I tested this issue in Opera and it works the same as all other browsers, it is only FF that has the Javasccript caching problem< |
chumbawumba |
Posted - 03 February 2007 : 07:31:28 This could be a solution, although i don't fully understand what it is on about: http://developer.mozilla.org/en/docs/Using_Firefox_1.5_caching
if the following function is included it will fire even if the page is called from cache?: function onPageShow()< |
MarkJH |
Posted - 03 February 2007 : 06:01:24 I know that Opera has major issues with the back button and caching.< |
HuwR |
Posted - 03 February 2007 : 05:58:02 unlikely since it would appear to be a problem peculiar to FF, it works fine in ALL other browsers< |
MarkJH |
Posted - 03 February 2007 : 05:57:05 Maybe a no-store meta tag would help but then you'd probably lose whatever is was you typed.

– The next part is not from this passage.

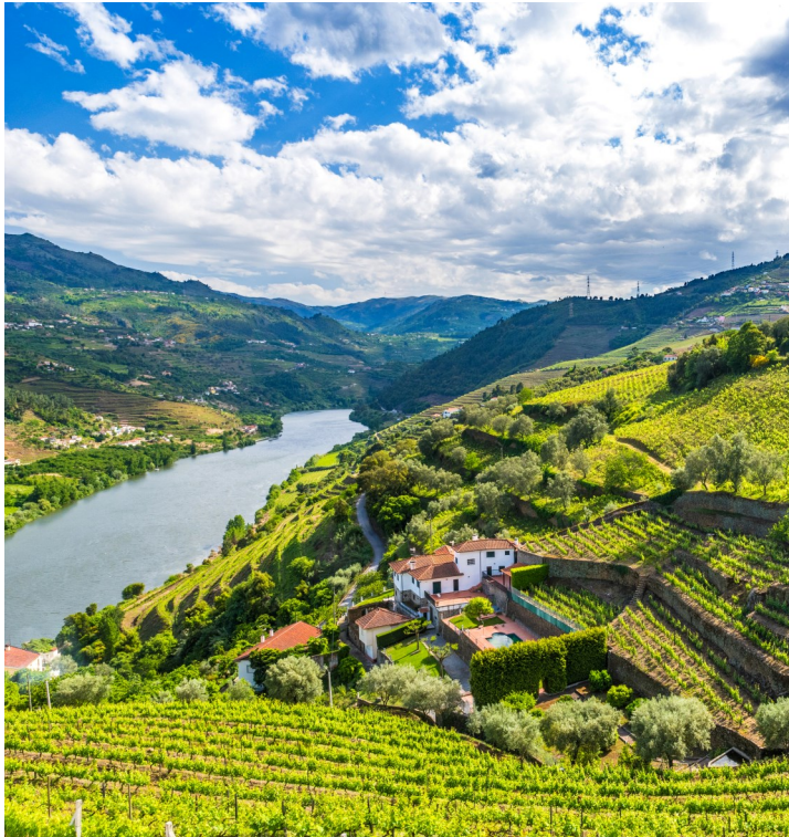
Enjoy gorgeous views along the Douro River

Our journey draws to a close as we transfer to the airport and catch our flight(s) bound for Canada and home. B

I'd say this is a problem with Firefox rather than Snitz. Maybe you could put a "click here to go back, don't press the browser back button" kind of message, chumbawumba?< |
chumbawumba |
Posted - 02 February 2007 : 22:44:52 *bump*
Has anybody been clever enough to solve this?< |
chumbawumba |
Posted - 02 May 2006 : 13:52:54 yeah i noticed that refreshing the page kept all the form values. cheers for your input AnonJr !< |
AnonJr |
Posted - 01 May 2006 : 21:40:51 ::sigh:: Finally got a chance to try it with FF at home and found the same thing. If you refresh the page everything works fine. I didn't lose the text I had attempted to post when I refreshed, but its probably a good idea to copy it just in case... < |
chumbawumba |
Posted - 01 May 2006 : 03:53:07 the fix for FF posted on experts exchange doesn't work. when you browse back to the previous page the submit button is still disabled. it must pull the page entirely from cache and not fire the "body onload" event. I have not tried this on snitz but a different webapp of mine. perhaps an admin with a speciality in browser compatability and JS can investigate this further.< |
AnonJr |
Posted - 26 April 2006 : 15:42:06 Hmmm. Interesting discussion. I wonder if thats an "issue" with FF, or if its an "undocumented behavior" of IE. Or maybe nothing works the way its supposed to...
I'll look at it again when I get home tonight.< |
chumbawumba |
Posted - 26 April 2006 : 15:30:10 after a bit of googling it looks like others have had the issue too...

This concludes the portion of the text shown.